I have 25 -30 mm body size Angels for sale. These juveniles are 3 - 4 months old. Some will turn out veil finned as the original parent stock had those genes.

I have Marbles, Goldens & Platinums.

$3 each / $2 each for groups of 5 or more.






If you are interested please PM me or send me a text (604) 240-096two

Thanks


----------



## Dou (Dec 4, 2015)

I wish they stayed small.. if there was a pygmy angel fish that would be most ideal haha.


----------



## SeaHorse_Fanatic (Apr 22, 2010)

Dou said:


> I wish they stayed small.. if there was a pygmy angel fish that would be most ideal haha.

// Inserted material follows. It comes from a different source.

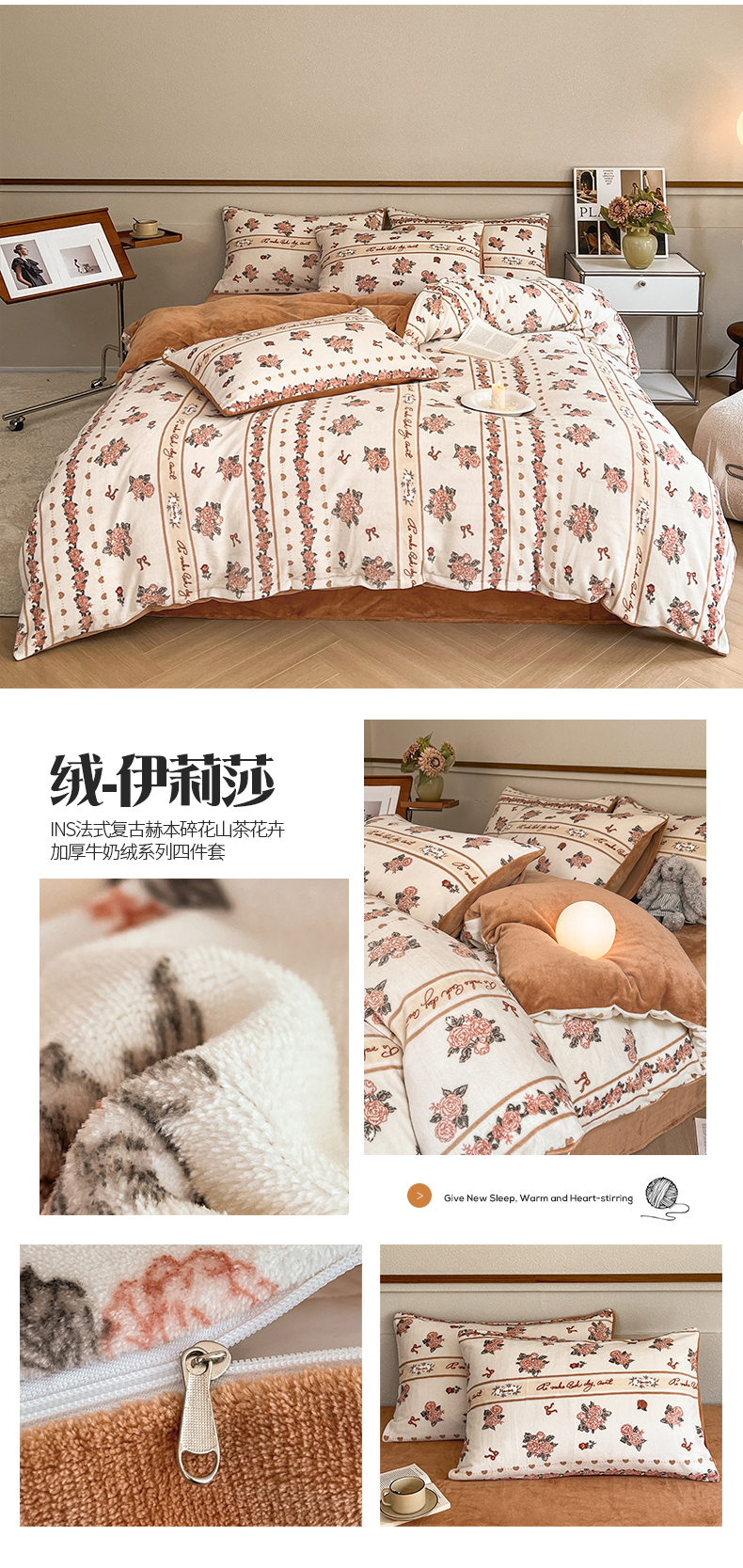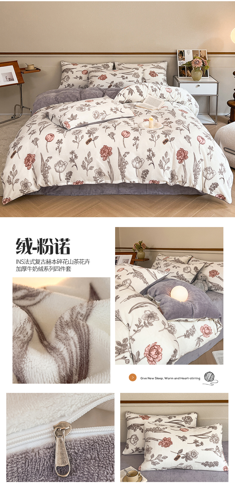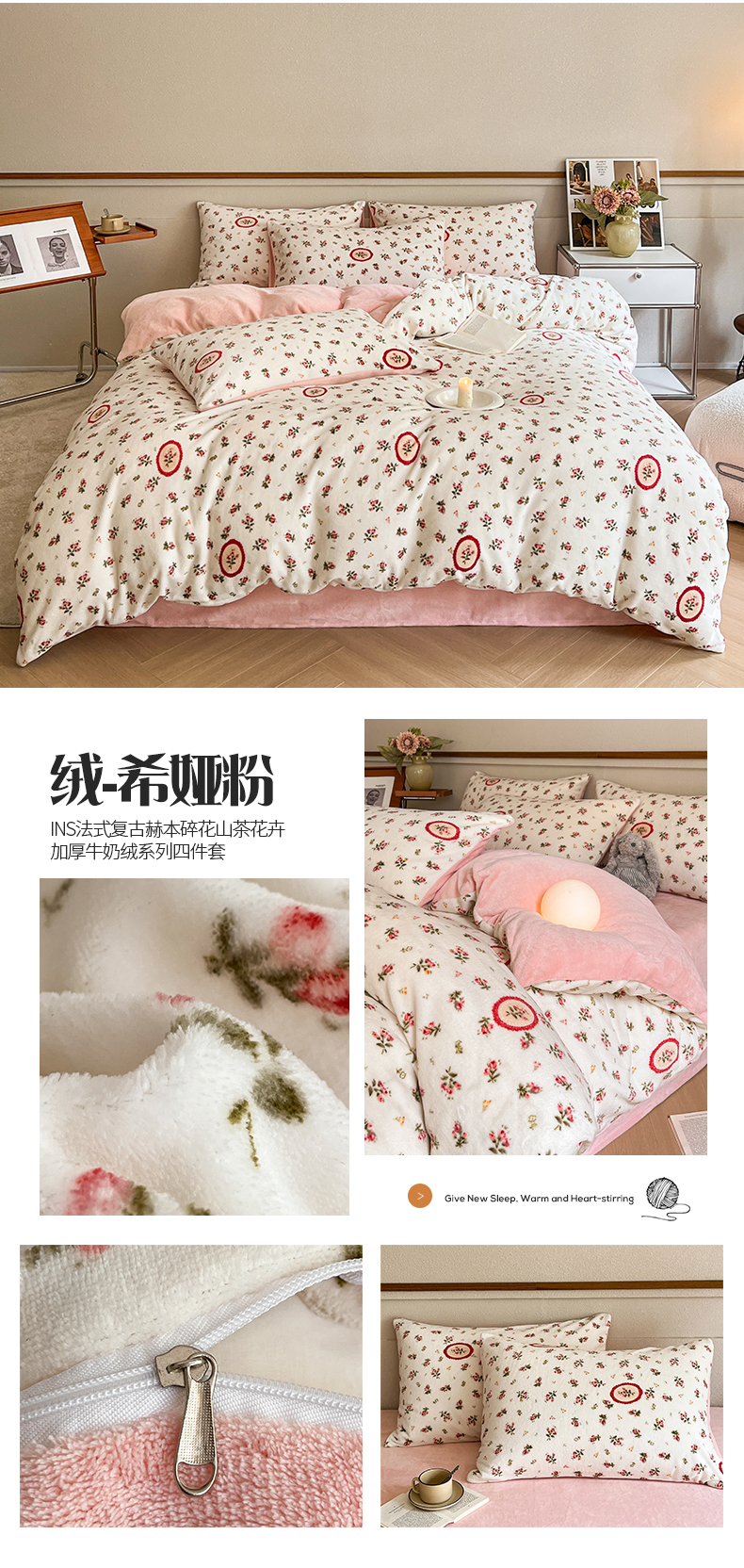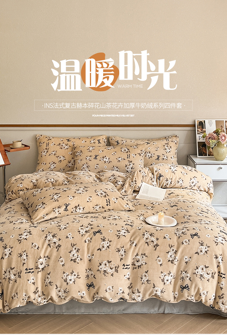 (总)桃子家居 2023新款ins法式复古赫本碎花山茶花卉加厚牛奶绒系列四件套

Buy his stunted runts:bigsmile:


----------



## Dou (Dec 4, 2015)

SeaHorse_Fanatic said:


> Buy his stunted runts:bigsmile:


Stunted is still too large haha. I want them permanently at the 1-2" size!


----------



## Smiladon (Apr 23, 2010)

Dou said:


> Stunted is still too large haha. I want them permanently at the 1-2" size!


You could sell them when they get big and get more smaller ones 

I've seen those fish in person. They are NICE!


----------



## VElderton (Jun 3, 2015)

Bump ... I have adjusted price. Hope this helps, rather these fish go to other BCA members than the open market


----------



## VElderton (Jun 3, 2015)

Bump ... still have Goldens & Marbles left ...


----------



## VElderton (Jun 3, 2015)

Bump. These fish are growing I have Marbels & Goldens.


----------



## SeaHorse_Fanatic (Apr 22, 2010)

I bought 8 for the school tanks and the kids just fell in love with these beautiful, healthy juv. angelfish. Highly recommend.


----------



## poiuy704 (Nov 6, 2010)

SeaHorse_Fanatic said:


> I bought 8 for the school tanks and the kids just fell in love with these beautiful, healthy juv. angelfish. Highly recommend.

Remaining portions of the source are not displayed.